CCGs often operate as if they were directors of a FTSE 100 company, with all the trimmings but without the checks and balances that shareholders provide. Without accountability we see abuses of power, conflicts of interest and a failure to serve local communities. It is almost impossible to remove a non-performing chief executive or board, and in any event they just pop up somewhere else with their golden handshake and gold-plated pension still intact.
I genuinely believe that we now have a window of opportunity to solve the Shropshire reconfiguration, and I deeply hope that Ministers can help us to bring it to a long overdue conclusion. If we can learn anything from our experience, it is that we have a decision-making structure in the NHS that does not serve the communities it is intended to serve and which is not accountable to us, and if it is not unaccountable to MPs, to local councils or to individual residents and patients, there is a problem. We need a full examination to ensure that what has happened in Shropshire does not happen
again. I am hopeful for my constituents and neighbouring Shropshire MPs that there is a solution on the horizon, and one that would be a positive outcome for all our communities.

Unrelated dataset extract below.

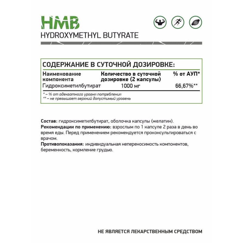 Состав — гидроксиметилбутират, оболочка капсулы (желатин).

That said, our communities should not have had to resort to crowdfunding a legal action against the CCG or the Government, or to protests, marches and petitions, and they should not have had to endure six years of uncertainty or to write thousands of letters to their MP. As the Government embark on this welcome capital expenditure programme—a truly historic investment programme that we all welcome on both sides of the House—I hope they will look at what has happened in the NHS Future Fit process in Shropshire and learn the lessons of that experience so that those mistakes are not repeated.
To conclude, I reiterate what a pleasure it is to take part in a debate where everybody is trying to get the best outcome for their constituents, the country and the NHS in terms of the service it delivers to all our constituents.